RECORDED DATA:
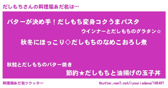 | ヒーロー風カッコイイあだ名 | 『慈愛の使者だしもち』『ネオダシモチ』 |
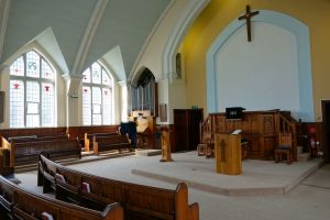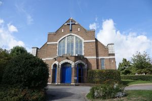 A short way south of the town centre a large hall and church complex. The church dates from 1940 with additions of 2005. The chancel stained glass by Goddard & Gibbs was installed in 1972.
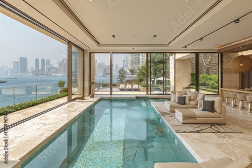 © NikahGeh, Obraz premium Indoor Pool with City Skyline View from a Luxurious Home
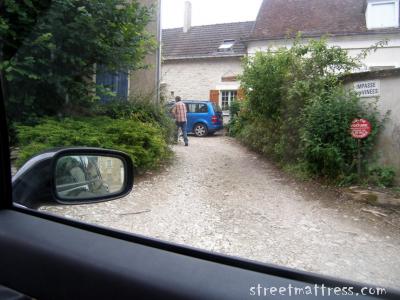 I saw two people carrying a matress, camera not and hand, not ready, and by time I tried to park, they were almost gone,in the impasse des vinées, sortie de voitures, prière de ne pas stationner, the man murmured something like " nevermind the idiot belgian car" they are like that in the auvergne

WORK ORDER:
With the pictures removed from your copy, retype the lines above from the one that contains "A short way" through the one that contains "a Luxurious Home", exactly.

REPLY TO THE TASK:
 A short way south of the town centre a large hall and church complex. The church dates from 1940 with additions of 2005. The chancel stained glass by Goddard & Gibbs was installed in 1972.
 © NikahGeh, Obraz premium Indoor Pool with City Skyline View from a Luxurious Home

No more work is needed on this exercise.